“The Black Cat” and “The Tell-Tale Heart” are two of the most horrific masterpieces in literature. Edgar Allen Poe was a writer who knew how to capture his reader with bone chilling horror. Despite the many differences, analyzing the true meaning reveals many similarities. The characters in both “The Black Cat” and “The Tell-Tale Heart” display their unstable minds, attempt to rationalize their crimes, show the reader the true horror of what they have done, and cannot escape their guilt for their crimes.
The characters in both “The Black Cat” and “The Tell-Tale Heart” display their unstable minds. In The Black Cat the character explains that even he would not believe the events to be from someone to be sane, “FOR the most wild, yet most homely narrative which I am about to pen, I neither expect nor solicit belief.” To prove his sanity he goes on to say that he is kind and respects the friendship of the black cat.

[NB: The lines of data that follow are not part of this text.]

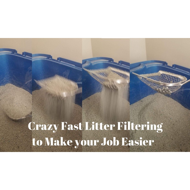 - Crazy Fast Litter Filtering. And metal mesh scoop means no-static buildup of dust stuck to your scoop and less dust put in the air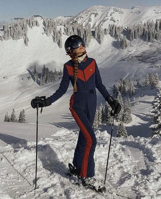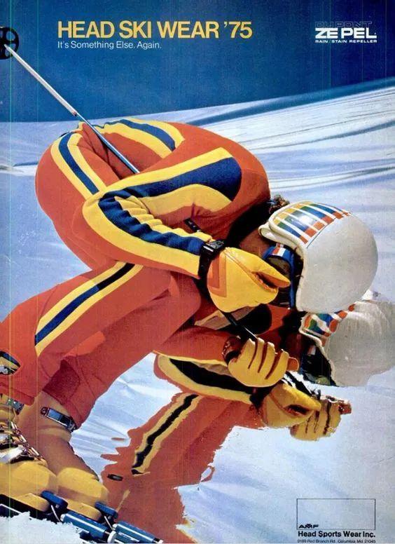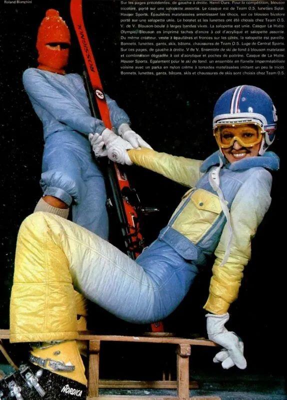 这种一体连身的版型也被称作“Onesies”,多由尼龙、氨纶等材质制成,具备防风防水的性能。同时内有薄绒填充,能起到基础的保暖抗寒,腰部和手腕处的收紧设计便于灵活行动。论功能性,40年前的滑雪服丝毫不比现在的差。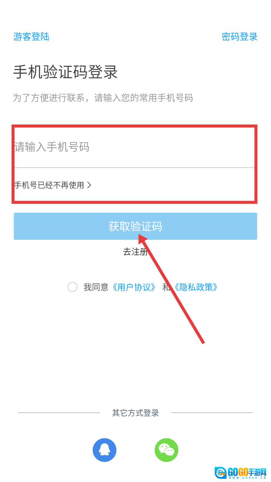 4、填入手机号码,随后点击【获取验证码】,如此便可完成登录流程。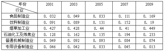 1、从表中可以看出,产业集聚程度较高的行业有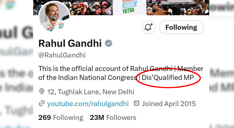 ‘അയോഗ്യനാക്കപ്പെട്ട എംപി’; അയോഗ്യനാക്കിയതിനു പിന്നാലെ ട്വിറ്ററിൽ സ്റ്റാറ്റസ് മാറ്റി രാഹുൽ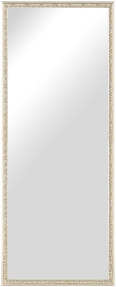Lass diesen zeitlosen, eleganten Spiegel die Wände bei dir Zuhause verschönern! Der silberfarbene Rahmen des Spiegels zeichnet sich durch sein edles, nostalgisch bzw. antik anmutendes Profil mit stilvollem Ornament-Muster aus. Das klassische, stilsichere Design dieses Wandspiegels bereichert jeden Raum und macht einen echten Blickfang aus, ob als einzige Deko an der Wand oder in Kombination mit hübsch eingerahmten Bildern als persönlich gestaltete Bilderwand.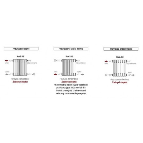 Standardowe podłączenie w grzejnikach Irsap Tesi to zasilanie boczne (kod 02). Możliwość zamówienia grzejnika za dopłatą w szerokiej gamie przyłączeń hydraulicznych.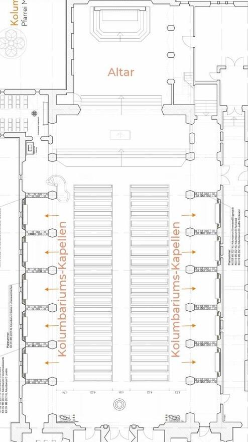 Das Kolumbarium ist in den beiden Seitenschiffen der Gelöbniskirche untergebracht.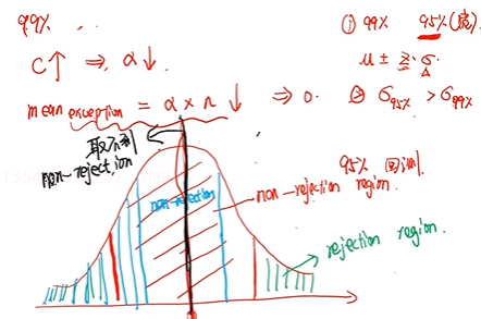 同学你好,正态分布是对称的,左右侧的拒绝域都是相等的面积,99%的置信区间比95%有更加宽的非拒绝域;

That he loves pets. That he likes to hang out with them. The character has a lot of conscious and unconscious feeling that motivate him to behave as he does in the story. He does not really understand all of these motivations, his own behaviors, and the reasons for the action that he takes at a great extent. And the psychological basis for the horror is that he starts getting afraid with the new cat because the cat keeps following him everywhere he goes. In “The Tell-Tale Heart” the character believes that he is nervous, but he is not mad. He believes his madness is not his madness but a keen sense of hearing. However he believes that we all probably think that he is insane, even though is not true. the character believes that, ” the low dull, quick sound-much such a sound as a watch makes when enveloped in cotton is the song of the old man’s beating heart.”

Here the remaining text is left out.